» **TASK INPUTS**:
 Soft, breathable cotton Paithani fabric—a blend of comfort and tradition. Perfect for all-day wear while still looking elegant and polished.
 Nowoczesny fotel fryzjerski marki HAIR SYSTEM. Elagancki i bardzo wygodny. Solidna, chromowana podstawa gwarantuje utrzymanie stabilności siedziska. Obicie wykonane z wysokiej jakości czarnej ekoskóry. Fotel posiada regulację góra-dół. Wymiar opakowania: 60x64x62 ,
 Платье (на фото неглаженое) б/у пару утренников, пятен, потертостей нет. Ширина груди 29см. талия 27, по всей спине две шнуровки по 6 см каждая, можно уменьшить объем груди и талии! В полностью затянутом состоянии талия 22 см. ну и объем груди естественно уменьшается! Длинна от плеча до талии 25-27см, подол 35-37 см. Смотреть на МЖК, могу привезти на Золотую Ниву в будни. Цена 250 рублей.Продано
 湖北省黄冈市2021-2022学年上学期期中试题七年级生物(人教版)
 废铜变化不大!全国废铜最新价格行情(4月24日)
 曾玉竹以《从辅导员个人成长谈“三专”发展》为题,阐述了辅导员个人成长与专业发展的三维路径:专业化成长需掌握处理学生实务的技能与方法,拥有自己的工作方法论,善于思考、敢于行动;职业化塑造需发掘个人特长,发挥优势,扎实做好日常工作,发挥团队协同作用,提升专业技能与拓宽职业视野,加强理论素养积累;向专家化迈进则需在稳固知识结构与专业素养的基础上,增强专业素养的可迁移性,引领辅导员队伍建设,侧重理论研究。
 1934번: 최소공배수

» **TASK GOAL**: Output the full listing again, exactly as it stands above.

» **SOLUTION**:
 Soft, breathable cotton Paithani fabric—a blend of comfort and tradition. Perfect for all-day wear while still looking elegant and polished.
 Nowoczesny fotel fryzjerski marki HAIR SYSTEM. Elagancki i bardzo wygodny. Solidna, chromowana podstawa gwarantuje utrzymanie stabilności siedziska. Obicie wykonane z wysokiej jakości czarnej ekoskóry. Fotel posiada regulację góra-dół. Wymiar opakowania: 60x64x62 ,
 Платье (на фото неглаженое) б/у пару утренников, пятен, потертостей нет. Ширина груди 29см. талия 27, по всей спине две шнуровки по 6 см каждая, можно уменьшить объем груди и талии! В полностью затянутом состоянии талия 22 см. ну и объем груди естественно уменьшается! Длинна от плеча до талии 25-27см, подол 35-37 см. Смотреть на МЖК, могу привезти на Золотую Ниву в будни. Цена 250 рублей.Продано
 湖北省黄冈市2021-2022学年上学期期中试题七年级生物(人教版)
 废铜变化不大!全国废铜最新价格行情(4月24日)
 曾玉竹以《从辅导员个人成长谈“三专”发展》为题,阐述了辅导员个人成长与专业发展的三维路径:专业化成长需掌握处理学生实务的技能与方法,拥有自己的工作方法论,善于思考、敢于行动;职业化塑造需发掘个人特长,发挥优势,扎实做好日常工作,发挥团队协同作用,提升专业技能与拓宽职业视野,加强理论素养积累;向专家化迈进则需在稳固知识结构与专业素养的基础上,增强专业素养的可迁移性,引领辅导员队伍建设,侧重理论研究。
 1934번: 최소공배수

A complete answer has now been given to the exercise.